Available in: `pyterrier-alpha >= 0.2.0`

`pta.io` includes extra input/output utilities:

**Files/downloads/streaming:**

 - `pta.io.open_or_download_stream(path_or_url: str)`  Returns a stream of `path_or_url`, depending on whether it is a URL
   or local file path.
 - `pta.io.download_stream(url: str)` Returns a stream of `url`.
 - `pta.io.download(url: str, path: str)` Downloads `url` to `path`.
 - `pta.io.finalized_directory(path: str)` A context manager that returns a temporary directory. The directory is moved to `path`
   on successful completion of the context manager, or deleted if an exception is raised during executation.
 - `pta.io.finalized_open(path: str)` A context manager that returns a temporary file. The file is moved to `path` on successful
   completion of the context manager, or deleted if an exception is raised during executation.

**Hashing/security:**

 - `pta.io.path_is_under_base(path: str, base: str) -> bool`  tests whether `path` refers to a path under `base`. This
   is helpful to avoid tarbombing.
 - `pta.io.HashWriter(writer: io.IOBase)` is a wrapper around a `io.IOBase` that keeps track of the hash (default SHA256)
   as it is being written to (accessible as the `.hash` property).
 - `pta.io.HashReader(reader: io.IOBase, expected: Optional[str])` is a wrapper around a `io.IOBase` that keeps track of
   the hash (default SHA256) as it is being read from (accessible as the `.hash` property or the `.hexdigest()` method).
   If `expected` is provided, an error is thrown when the reader is closed if the `.hexdigest()` does not match this value.
 - `pta.io.TqdmReader(reader: io.IOBase, total: int, desc: str)` is a wrapper around a `io.IOBase` that shows a tqdm
   progress bar as the reader is being read.

**Misc:**

 - `pta.io.pyterrier_home() -> str` returns the PyTerrier home directory
 - `pta.io.byte_count_to_human_readable(byte_count: float) -> str` returns a human-readable version of a
   byte count, e.g., 4547 bytes -> "4.4 KB". Supports units from B to TB
 - `pta.io.entry_points(group: str) -> Tuple[EntryPoint, ...]` is an implementation of
   [`importlib.metadata.entry_points(group)`](https://docs.python.org/3/library/importlib.metadata.html#entry-points)
   that supports python<=3.12.


## pta.RBO

Available in: `pyterrier-alpha >= 0.3.0`

`pta.RBO` provides a `ir_measures`-compatible implementation of [Rank Biased Overlap (RBO)](https://dl.acm.org/doi/10.1145/1852102.1852106).
RBO is a rank-baised correlation measure. In other words, it measures how similar two ranked lists are with one another, giving
higher priority to the top of the list. The priority is adjusted using the `p` parameter, as discussed below. Note that RBO
ignores the qrels; it only compares the current ranking with another one.

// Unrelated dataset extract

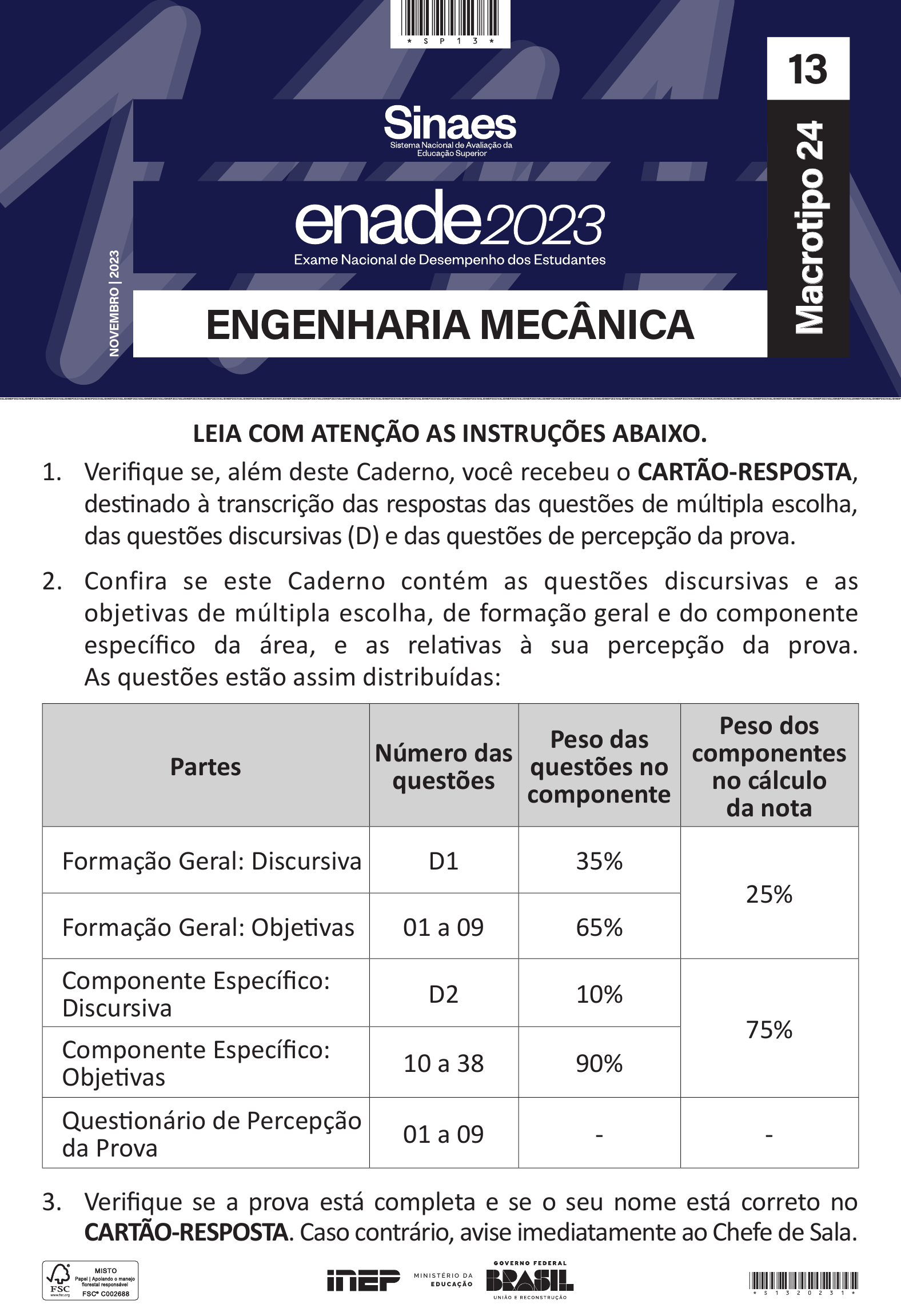 LEIA COM ATENÇÃO AS INSTRUÇÕES ABAIXO. 1. Verifi que se, além deste Caderno, você recebeu o CARTÃO-RESPOSTA, desti nado à transcrição das respostas das questões de múlti pla escolha, das questões discursivas (D) e das questões de percepção da prova. 2. Confira se este Caderno contém as questões discursivas e as objetivas de múltipla escolha, de formação geral e do componente específi co da área, e as relati vas à sua percepção da prova. As questões estão assim distribuídas: Partes Número das questões Peso das questões no componente Peso dos componentes no cálculo da nota Formação Geral: Discursiva D1 35% 25% Formação Geral: Objeti vas 01 a 09 65% Componente Específi co: Discursiva D2 10% 75% Componente Específi co: Objeti vas 10 a 38 90% Questi onário de Percepção da Prova 01 a 09 - - 3. Verifi que se a prova está completa e se o seu nome está correto no CARTÃO-RESPOSTA. Caso contrário, avise imediatamente ao Chefe de Sala. M I N I S T É R I O D A E D U C A Ç Ã O 13 M ac ro tip o 24 ENGENHARIA MECÂNICA VALIDINEP2023VALIDINEP2023VALIDINEP2023VALIDINEP2023VALIDIN3P2023VALIDINEP2023VALIDINEP2023VALIDINEP2023VALIDINEP2023VALIDINEP2023VALIDINEP2023VALIDINEP2023VALIDINEP2023VALIDINEP2023VALIDINEP2023VALIDINEP2023VALIDINEP2023VALIDINEP2023VALIDINEP2023VALIDINEP2023VALIDINEP2023VALIDINEP2023VALIDINEP2023VALIDINEEP2023VALIDINEP2023VALIDINEP2023VALIDINEP2023VALIDINEP2023VALIDINEP2023VALIDINEP2023VALIDINEP2023VALIDINEP2023VALIDDINVALIDINEP2023VALIDINEP2023VALIDINEP2023VALIDINEP2023VALIDINEP2023VALIDINEP2023VALIDINEP2023VALIDINEP2023VALIDINEP2023VALIDINEP2023VALIDINEP2023VALIDINEP2023VALIDINEP N O VE M BR O | 20 23 *S1320231* creo 4. Assine o CARTÃO-RESPOSTA no local apropriado, com caneta esferográfi ca de � nta preta, fabricada em material transparente. 5. As respostas da prova objeti va, da prova discursiva e do questi onário de percepção da prova deverão ser transcritas, com caneta esferográfi ca de ti nta preta, fabricada em material transparente, no CARTÃO-RESPOSTA que deverá ser entregue ao Chefe de Sala ao término da prova. 6. Responda cada questão discursiva em, no máximo, 15 linhas. Qualquer texto que ultrapasse o espaço destinado à resposta será desconsiderado. 7. A prova terá duração de quatro horas. Lembre-se de reservar um período para transcrição das respostas para o CARTÃO-RESPOSTA. 8. Ao terminar a prova, acene para o Chefe de Sala e aguarde-o em sua carteira. Ele então irá proceder à sua identi fi cação, recolher o seu material de prova e coletar a sua assinatura na Lista de Presença. 9. Atenção! Você deverá permanecer na sala de aplicação por, no mínimo, duas horas a partir do início da prova e só poderá levar este Caderno quando faltarem 30 minutos para o término da prova. *S1320232* 3Engenharia Mecânica FORMAÇÃO GERAL 1MATÉRIA QUESTÃO DISCURSIVA 01 Na publicação Síntese de Indicadores Sociais, divulgada pelo Insti tuto Brasileiro de Geografi a e Estatí sti ca (IBGE) em 2022, é sistemati zado um conjunto de informações sobre a realidade social brasileira. Os indicadores ilustram a heterogeneidade da sociedade sob a perspecti va das desigualdades sociais e, de modo geral, demonstram que todas as Grandes Regiões do Brasil registraram aumento da extrema pobreza em 2021. Pelos critérios do Banco Mundial, cerca de 29,4% da população do Brasil estavam em situação de pobreza e 8,4%, de extrema pobreza, sendo esses os maiores percentuais de ambos os grupos desde o início da série, em 2012. O índice de Gini, indicador que permite analisar o nível de igualdade ou desigualdade de uma região ou de um país, teve seu valor elevado e ati ngiu o segundo maior patamar da série. Com esses resultados, o Brasil permanece entre os países mais desiguais do mundo. Além disso, a urbanização desigual e acelerada resultou na expansão e no agravamento de diversos problemas socioambientais. São evidentes as desigualdades territoriais no acesso a áreas com infraestrutura adequada nas cidades brasileiras. É na periferia, marcada pela estrati fi cação e segregação socioespacial, que se consolida a exclusão da população vulnerabilizada socioeconomicamente. Disponível em: htt ps://agenciadenoti cias.ibge.gov.br/agencia-noti cias/2012- agencia-de-noti cias/noti cias/35687-em-2021-pobreza-tem-aumento-recorde- e-ati nge-62-5-milhoes-de-pessoas-maior-nivel-desde-2012. Acesso em: 9 jun. 2023 (adaptado). A parti r das ideias apresentadas no texto, faça o que se pede nos itens a seguir. a) Explique a relação entre o perfi l da população brasileira ati ngida pelas desigualdades sociais nas cidades e os fenômenos de risco socioambiental. (valor: 5,0 pontos) b) Apresente duas propostas que possam ser desenvolvidas em bairros periféricos com condições habitacionais precárias, de forma a serem minimizados os riscos socioambientais, e que envolvam ação governamental e parti cipação da comunidade. (valor: 5,0 pontos) FORMAÇÃO GERAL *1* VALIDINEP2023VALIDINEP2023VALIDINEP2023VALIDINEP2023VALIDIN3P2023VALIDINEP2023VALIDINEP2023VALIDINEP2023VALIDINEP2023VALIDINEP2023VALIDINEP2023VALIDINEP2023VALIDINEP2023VALIDINEP2023VALIDINEP2023VALIDINEP2023VALIDINEP2023VALIDINEP2023VALIDINEP2023VALIDINEP2023VALIDINEP2023VALIDINEP2023VALIDINEP2023VALIDINEP2023VALIDINEP2023VALIDINEP2023VALIDINEP2023VALIDINEP2023VALIDINEP2023VALIDINEP2023VALIDINEP2023VALIDINEP2023VALIDINEP2023VALIDINEP2023VALIDINEP2023VALIDINEP2023VALIDINEP2023VAL1DINEP2023VALIDINEP20233VALIDINEP2023VALIDDINEP2023 VALIDINEP2023VALIDINEP2023VALIDIN3P2023VALIDINEP2023VALIDIN3P2VALIDINEP *S1320233* VALIDINEP2023VALIDINEP2023VALIDIN3P2023VALIDINEP2023VALIDIN3P2VALIDINEP VALIDINEP2023VALIDINEP2023VALIDINEP2023VALIDINEP2023VALIDIN3P2023VALIDINEP2023VALIDINEP2023VALIDINEP2023VALIDINEP2023VALIDINEP2023VALIDINEP2023VALIDINEP2023VALIDINEP2023VALIDINEP2023VALIDINEP2023VALIDINEP2023VALIDINEP2023VALIDINEP2023VALIDINEP2023VALIDINEP2023VALIDINEP202

`pta.RBO` takes two parameters:
 - `other` (DataFrame): The ranked list that you want to compare against
 - `p` (float): the "persistence" parameter in the range of (0, 1), which adjusts how much priority is given to the top of
   the list. Common values include 0.9 (gives the most priority to top 10 ranks) and 0.99 (top 100).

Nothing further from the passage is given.